In the silence that followed his departure the only sound was Georgy contentedly chewing on his plastic keys. Lyn’s arms tightened unconsciously around him. She felt weak and shaky and devastated. As if a tsunami had swept over her, drowning her. Her expression was stark.
An overwhelming impulse was coursing through her, imperative in its compulsive force.

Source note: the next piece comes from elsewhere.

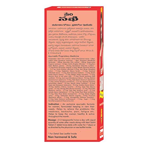 Meri Sakhi is an exclusive nonhormonal and safe formula for women formulated keeping in view their needs. Helps to relieve problems like weakness bachache pain fatigue etc. Helps to keep the women healthy and active throughout the month.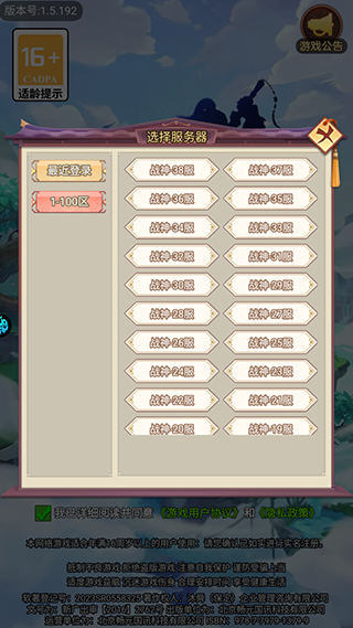 1、选择区服:游戏开始时,玩家需要选择合适的区服。

The impulse to run. Run far and fast and right away! Run until she had hidden herself from the danger that threatened her—threatened her beloved Georgy! The danger that was in the very person of the tall, dark figure of Anatole Telonidis.
Fear knifed through her.
* * *
Anatole threw himself into the back of his car and instructed his driver to head back to the hotel. As the car moved off he got out his mobile. It was time—most definitely time—to phone Timon and tell him what he had discovered.
Who he had discovered.
He had kept everything from Timon until now, loath to raise hopes he could not fulfil. But now—with or without DNA testing—every bone in his body was telling him that he had found Marcos’s son.
The son that changed everything.
As his call was put through to his grandfather, and Timon’s strained, stricken voice greeted him, Anatole began to speak.
The effect was everything he’d prayed for! Within minutes Timon had become a changed man—a man who had suddenly, miraculously, been given a reason to live. A man who now had only one overriding goal in his life.
‘Bring him to me! Bring me Marcos’s boy! Do anything and everything you need to get him here!’
Hope had surged in his grandfather’s voice. Hope and absolute determination.
‘I will,’ Anatole replied. ‘I will do everything I have to do.’
But as he finished the call his expression changed. Just what ‘everything’ would need to be he did not fully know. He knew only that, whatever it was, it would all depend on getting Lyn Brandon to agree to it.